What to produce: Write out every record exactly as it appears. Skip the pictures.

Stored records:
>>>>>

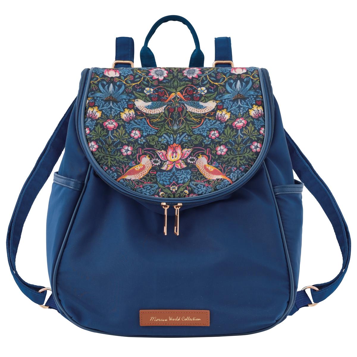 ガバッと開く!コンパクトながら、収納力に優れた大人リュック。ーデザインーB5ファイルも収納可能。内側にオープンポケット×2、両サイドに500mLペットボトルが入るサイドポケット付き。~モリスワールドコレクション~「いちご泥棒」は19世紀にデザインされた、インディゴ抜染により赤や黄色といった藍色以外の糸を取り入れた最初のテキスタイルです。
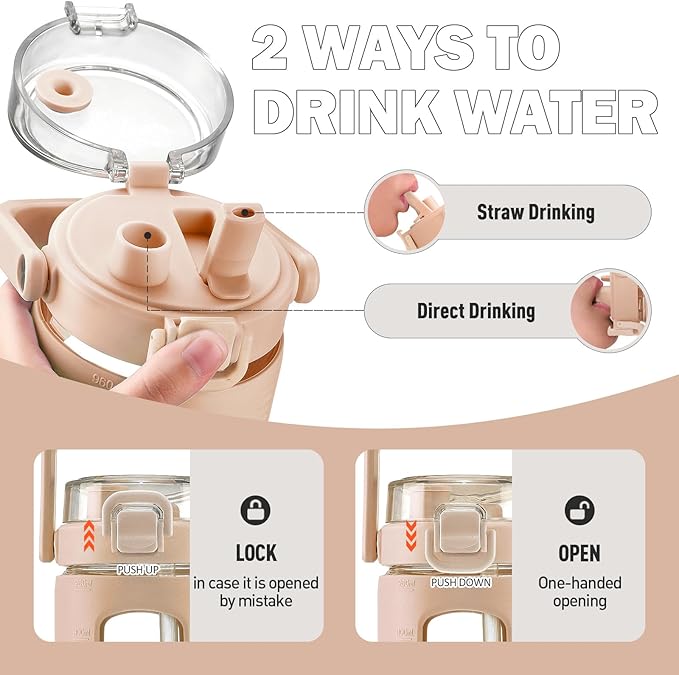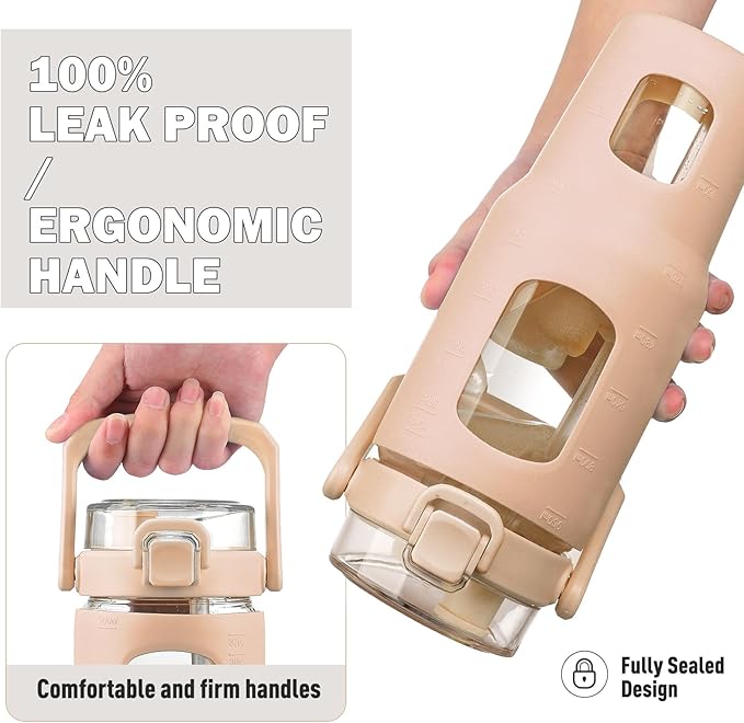 BLUEGO 32oz Glass Tumbler with Lid and Handle, Iced Coffee Cup with Straws, Glass Water Bottle with Silicone Sleeve and Volume, Marker Glass Cup with Time Marking, BPA Free, Amber
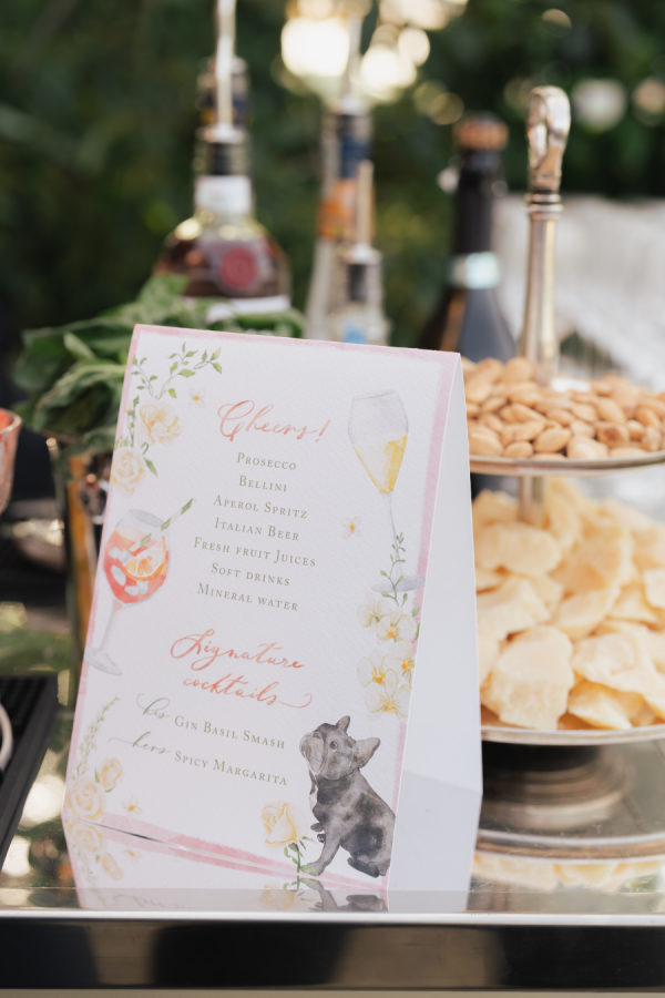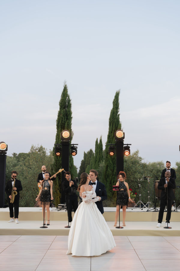 [field title=”Readings, Ceremony Music, Reception Songs”]The entertainment flowed beautifully throughout the day, setting the perfect tone for each part of the celebration. A string quartet played during the ceremony, filling the courtyard with emotion as Leticia walked down the aisle to Hallelujah. They continued into cocktail hour with a mix of classical and contemporary favorites, including a moving rendition of Yellow by Coldplay. As the sun began to set, the incredibly talented Assya Live Band brought the dinner to life with a dynamic setlist featuring hits from ABBA, Queen, and other timeless crowd-pleasers. After dinner, guests were invited into the villa’s wine cellar, where the DJ took over and kept the dance floor full well into the night.[/field]
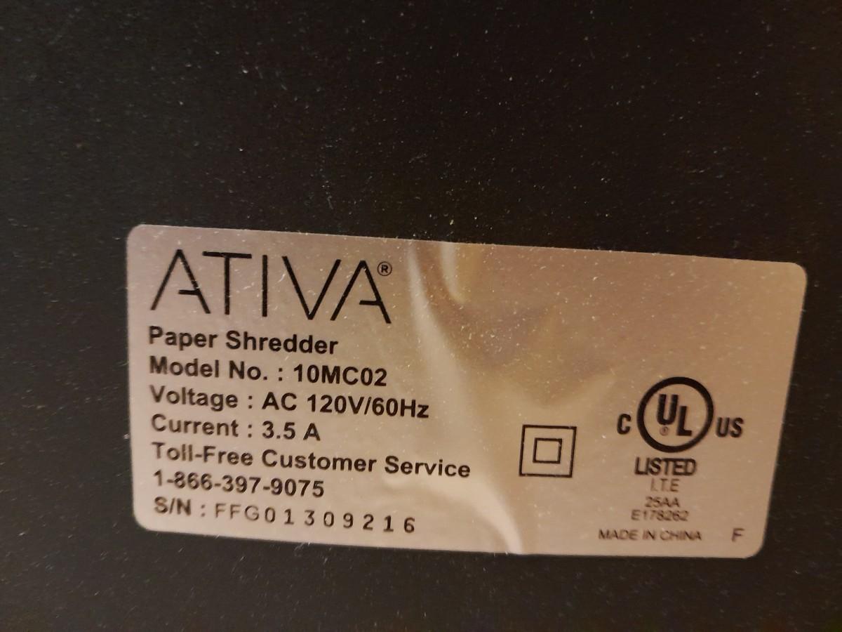 LARGE ATIVA PAPER SHREDDER MODEL 10MC02
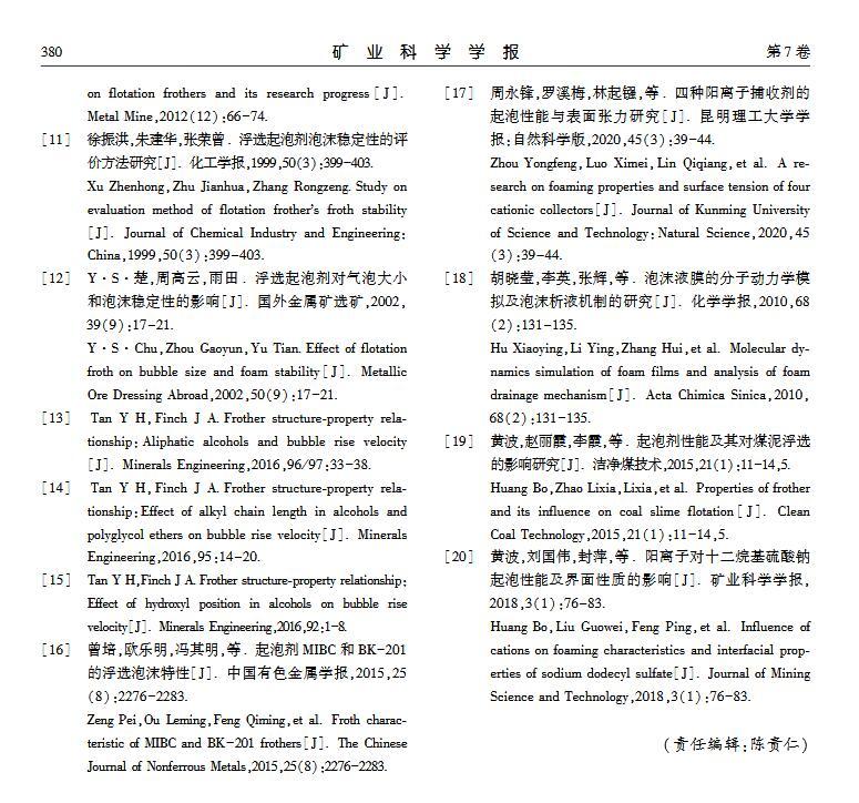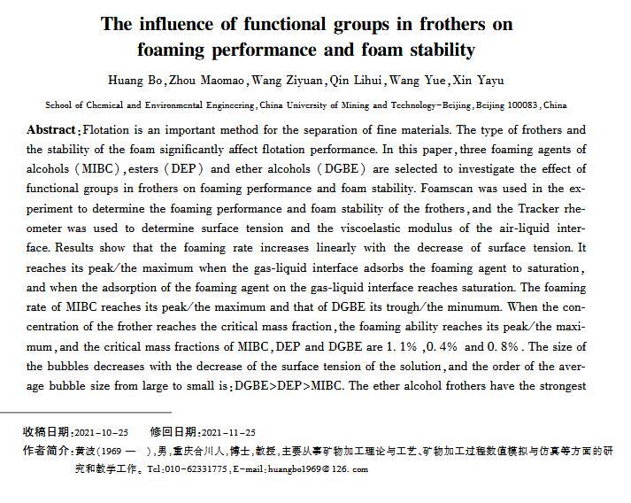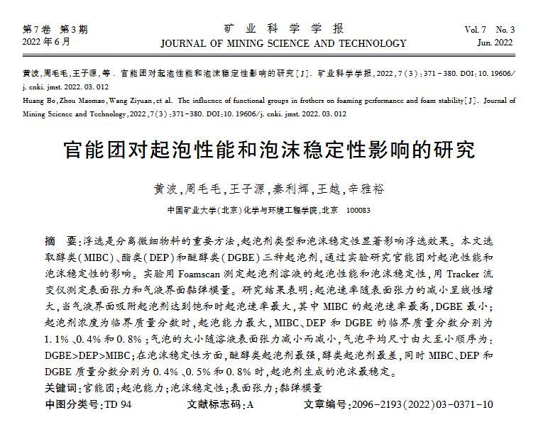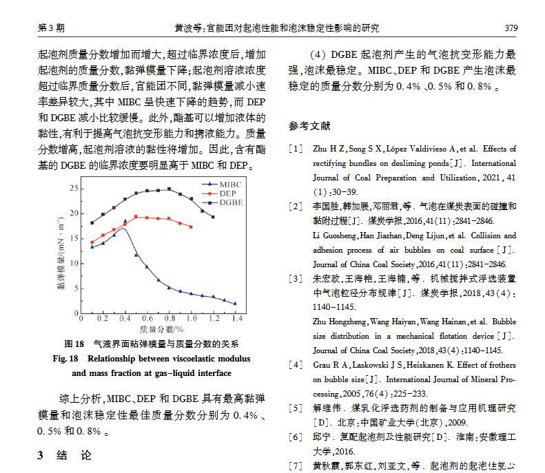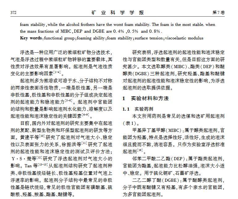 【摘要】:浮選是分離微細(xì)物料的重要方法,起泡劑類型和泡沫穩(wěn)定性顯著影響浮選效果。本文選取醇類(MIBC)、酯類(DEP)和醚醇類(DGBE)三種起泡劑,通過實驗研究官能團(tuán)對起泡性能和泡沫穩(wěn)定性的影響。實驗用Foamscan測定起泡劑溶液的起泡性能和泡沫穩(wěn)定性,用Tracker流變儀測定表面張力和氣液界面黏彈模量。研究結(jié)果表明:起泡速率隨表面張力的減小呈線性增大,當(dāng)氣液界面吸附起泡劑達(dá)到飽和時起泡速率最大,其中MIBC的起泡速率最高,DGBE最小;起泡劑濃度為臨界質(zhì)量分?jǐn)?shù)時,起泡能力最大,MIBC、DEP和DGBE的臨界質(zhì)量分?jǐn)?shù)分別為1.1%、0.4%和0.8%;氣泡的大小隨溶液表面張力減小而減小,氣泡平均尺寸由大至小順序為:DGBEDEPMIBC;在泡沫穩(wěn)定性方面,醚醇類起泡劑最強,醇類起泡劑最差,同時MIBC、DEP和DGBE質(zhì)量分?jǐn)?shù)分別為0.4%、0.5%和0.8%時,起泡劑生成的泡沫最穩(wěn)定。
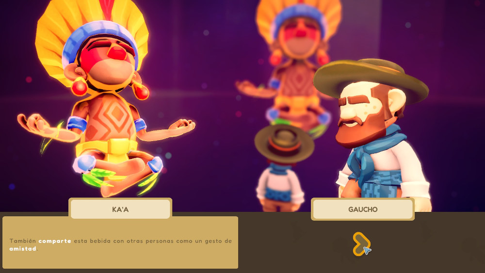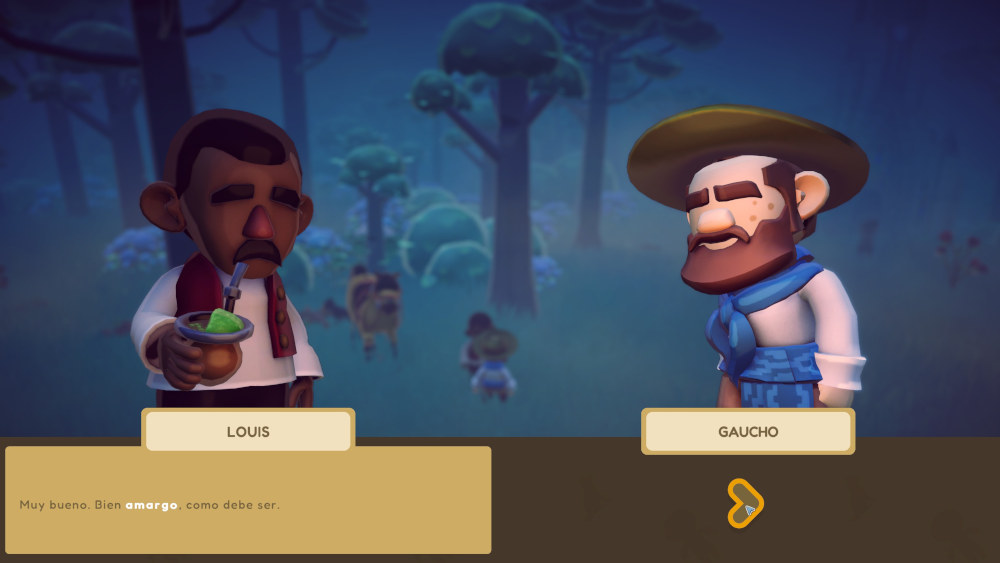 Podemos elegir entre un gaucho o una gaucha y personalizar su apariencia y ropas. También elegimos nuestros fieles compañeros un caballo y un perrito (y como todo juego de bien, podemos acariciar al perro). Jugué con un gaucho con decoraciones celestes, como homenaje a los colores de Uruguay. Es muy divertido escuchar las expresiones del gaucho mientras jugamos. Se expresa en portugués brazileño cuando ejecutamos acciones o interactuamos. Particularmente divertido el "que cagaço!" en cierto enfrentamiento, y los múltiples "¡Che!".
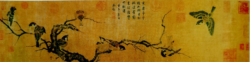 《寒雀图》上有清代乾隆题诗:“寒雀争寒枝,如椒目相妒。设有鹤来驱,仇共救护。”从图上的印章看,有南宋贾似道的“悦生”葫芦印,清嘉庆帝御览玺印等多方。图上的这题诗及众多印章,从一个侧面反映了《寒雀图》从北宋流传下来的不易历程,更见《寒雀图》之弥足珍贵。
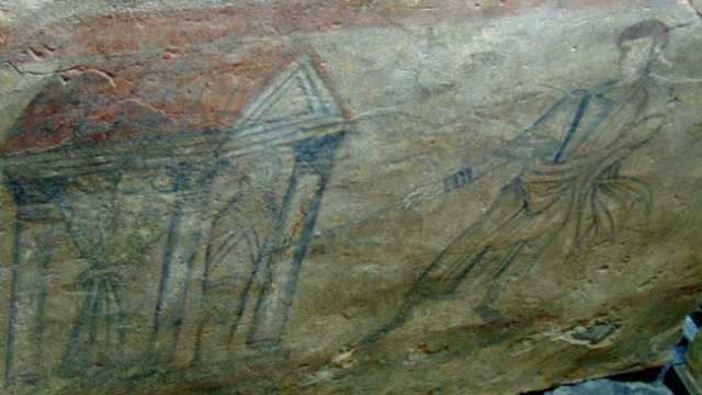One of the murals on the inside of the Early Christian tomb depicting the biblical scene of Jesus Christ (right) resurrecting Lazarus. This is said to be the world’s earliest known depiction of this scene. Photo: 24 Chasa daily
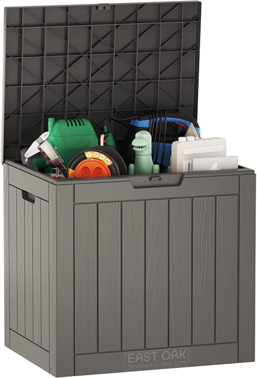 This outdoor storage box is made from durable, waterproof, UV-resistant resin, so it keeps your stuff dry (like pool toys, cushions, and gardening essentials) and can support up to 170 pounds when used as a seat. It also has built-in handles and comes with a padlock for security. Best of all, its faux wood panel exterior looks great on your deck or patio.
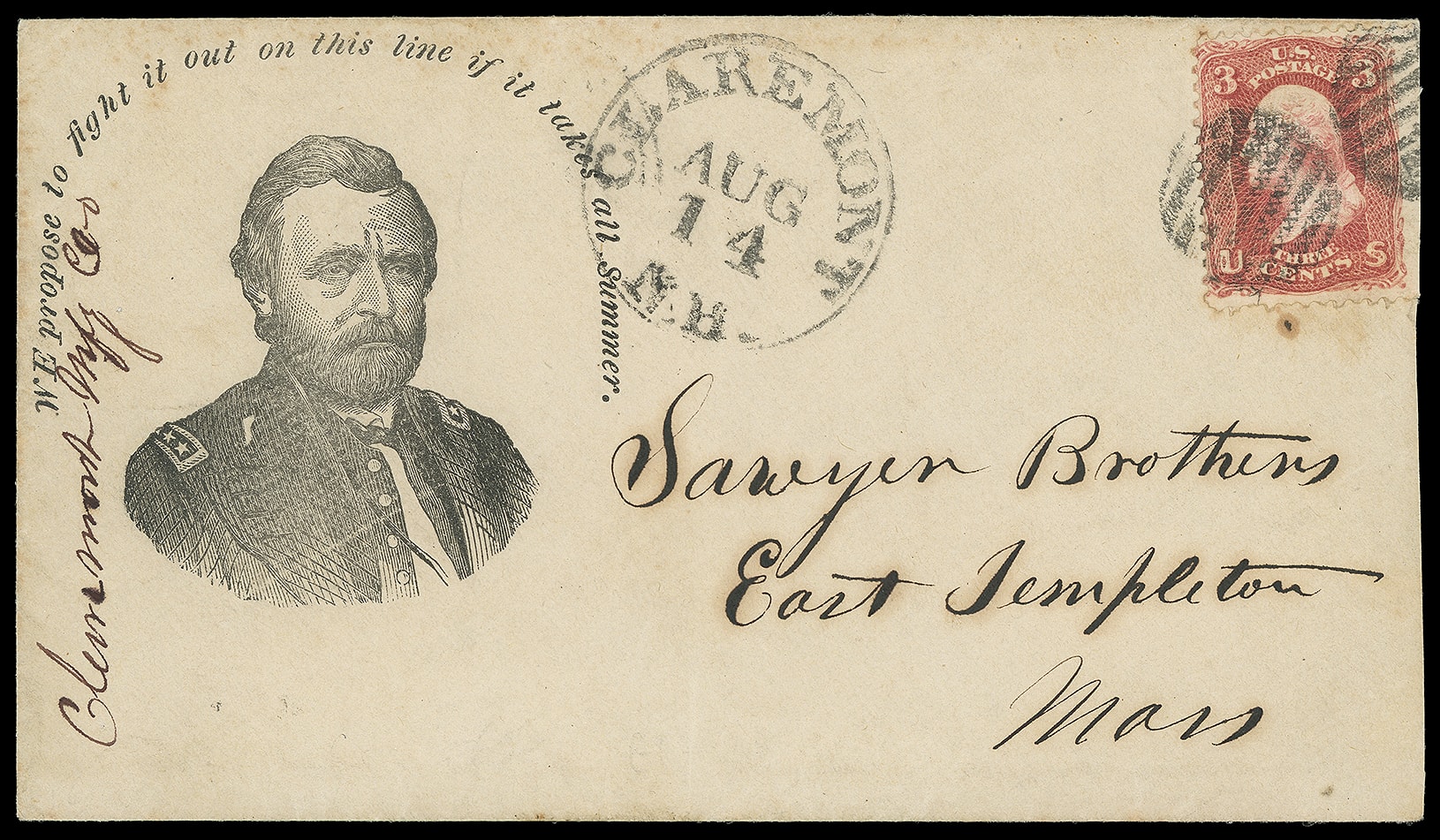 210     UG-3 image(1868 Campaign) Ulysses S. Grant. Portrait in uniform fcampaign design with circular verse above "We fight it out on this line if it takes all summer" on cover bearing 3¢ red, grill (94) s.e. at right, tied by circular grid cancels, matching "Claremont, Mass. Aug 14" cds to East Templeton, Mass.; barely reduced at right just affecting 3¢, Very Fine, ex-Walcott.
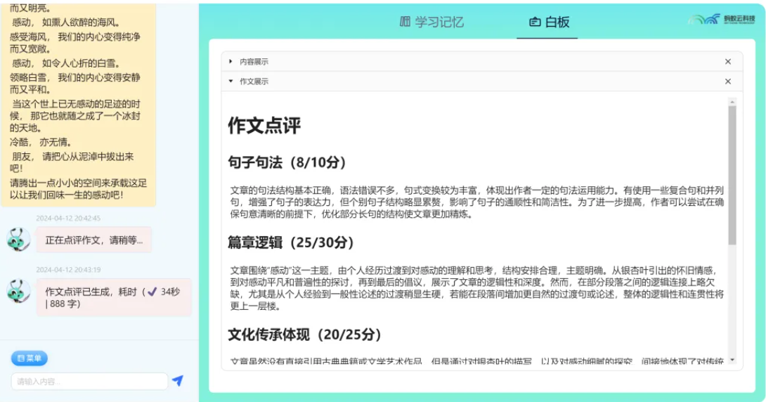 以正大模型还展示了作文辅导及批改功能,能根据学生所处年级、阶段,给作文一个符合实际情况的、引导性的评价。
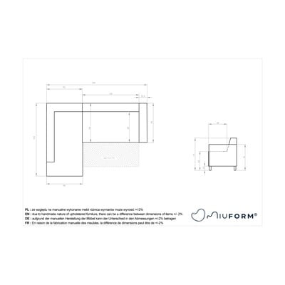 Cu colț pe partea stângă/în formă de ”L”
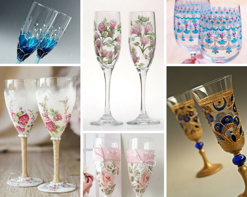 В настоящее время украсить бокалы в ручную можно различными способами. В этом помогут такие техники, как роспись или аппликация. Но чаще всего невесты (а в некоторых случаях и женихи) выбирают такой метод, как декупаж.
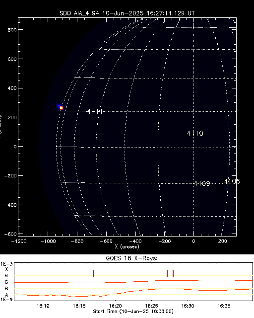 太阳黑子群N16E89在北京时间2025年06月11日00时28分爆发了一个C1.7级小耀斑。
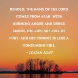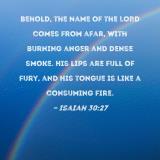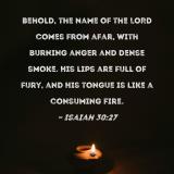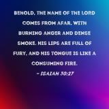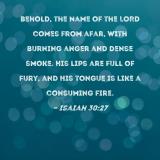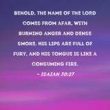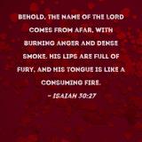Behold, the Name of the LORD comes from afar, with burning anger and dense smoke. His lips are full of fury, and His tongue is like a consuming fire.

<<<<<

Reply:
 ガバッと開く!コンパクトながら、収納力に優れた大人リュック。ーデザインーB5ファイルも収納可能。内側にオープンポケット×2、両サイドに500mLペットボトルが入るサイドポケット付き。~モリスワールドコレクション~「いちご泥棒」は19世紀にデザインされた、インディゴ抜染により赤や黄色といった藍色以外の糸を取り入れた最初のテキスタイルです。
 BLUEGO 32oz Glass Tumbler with Lid and Handle, Iced Coffee Cup with Straws, Glass Water Bottle with Silicone Sleeve and Volume, Marker Glass Cup with Time Marking, BPA Free, Amber
 [field title=”Readings, Ceremony Music, Reception Songs”]The entertainment flowed beautifully throughout the day, setting the perfect tone for each part of the celebration. A string quartet played during the ceremony, filling the courtyard with emotion as Leticia walked down the aisle to Hallelujah. They continued into cocktail hour with a mix of classical and contemporary favorites, including a moving rendition of Yellow by Coldplay. As the sun began to set, the incredibly talented Assya Live Band brought the dinner to life with a dynamic setlist featuring hits from ABBA, Queen, and other timeless crowd-pleasers. After dinner, guests were invited into the villa’s wine cellar, where the DJ took over and kept the dance floor full well into the night.[/field]
 LARGE ATIVA PAPER SHREDDER MODEL 10MC02
 【摘要】:浮選是分離微細(xì)物料的重要方法,起泡劑類型和泡沫穩(wěn)定性顯著影響浮選效果。本文選取醇類(MIBC)、酯類(DEP)和醚醇類(DGBE)三種起泡劑,通過實驗研究官能團(tuán)對起泡性能和泡沫穩(wěn)定性的影響。實驗用Foamscan測定起泡劑溶液的起泡性能和泡沫穩(wěn)定性,用Tracker流變儀測定表面張力和氣液界面黏彈模量。研究結(jié)果表明:起泡速率隨表面張力的減小呈線性增大,當(dāng)氣液界面吸附起泡劑達(dá)到飽和時起泡速率最大,其中MIBC的起泡速率最高,DGBE最小;起泡劑濃度為臨界質(zhì)量分?jǐn)?shù)時,起泡能力最大,MIBC、DEP和DGBE的臨界質(zhì)量分?jǐn)?shù)分別為1.1%、0.4%和0.8%;氣泡的大小隨溶液表面張力減小而減小,氣泡平均尺寸由大至小順序為:DGBEDEPMIBC;在泡沫穩(wěn)定性方面,醚醇類起泡劑最強,醇類起泡劑最差,同時MIBC、DEP和DGBE質(zhì)量分?jǐn)?shù)分別為0.4%、0.5%和0.8%時,起泡劑生成的泡沫最穩(wěn)定。
 Podemos elegir entre un gaucho o una gaucha y personalizar su apariencia y ropas. También elegimos nuestros fieles compañeros un caballo y un perrito (y como todo juego de bien, podemos acariciar al perro). Jugué con un gaucho con decoraciones celestes, como homenaje a los colores de Uruguay. Es muy divertido escuchar las expresiones del gaucho mientras jugamos. Se expresa en portugués brazileño cuando ejecutamos acciones o interactuamos. Particularmente divertido el "que cagaço!" en cierto enfrentamiento, y los múltiples "¡Che!".
 《寒雀图》上有清代乾隆题诗:“寒雀争寒枝,如椒目相妒。设有鹤来驱,仇共救护。”从图上的印章看,有南宋贾似道的“悦生”葫芦印,清嘉庆帝御览玺印等多方。图上的这题诗及众多印章,从一个侧面反映了《寒雀图》从北宋流传下来的不易历程,更见《寒雀图》之弥足珍贵。
One of the murals on the inside of the Early Christian tomb depicting the biblical scene of Jesus Christ (right) resurrecting Lazarus. This is said to be the world’s earliest known depiction of this scene. Photo: 24 Chasa daily
 This outdoor storage box is made from durable, waterproof, UV-resistant resin, so it keeps your stuff dry (like pool toys, cushions, and gardening essentials) and can support up to 170 pounds when used as a seat. It also has built-in handles and comes with a padlock for security. Best of all, its faux wood panel exterior looks great on your deck or patio.
 210     UG-3 image(1868 Campaign) Ulysses S. Grant. Portrait in uniform fcampaign design with circular verse above "We fight it out on this line if it takes all summer" on cover bearing 3¢ red, grill (94) s.e. at right, tied by circular grid cancels, matching "Claremont, Mass. Aug 14" cds to East Templeton, Mass.; barely reduced at right just affecting 3¢, Very Fine, ex-Walcott.
 以正大模型还展示了作文辅导及批改功能,能根据学生所处年级、阶段,给作文一个符合实际情况的、引导性的评价。
 Cu colț pe partea stângă/în formă de ”L”
 В настоящее время украсить бокалы в ручную можно различными способами. В этом помогут такие техники, как роспись или аппликация. Но чаще всего невесты (а в некоторых случаях и женихи) выбирают такой метод, как декупаж.
 太阳黑子群N16E89在北京时间2025年06月11日00时28分爆发了一个C1.7级小耀斑。
Behold, the Name of the LORD comes from afar, with burning anger and dense smoke. His lips are full of fury, and His tongue is like a consuming fire.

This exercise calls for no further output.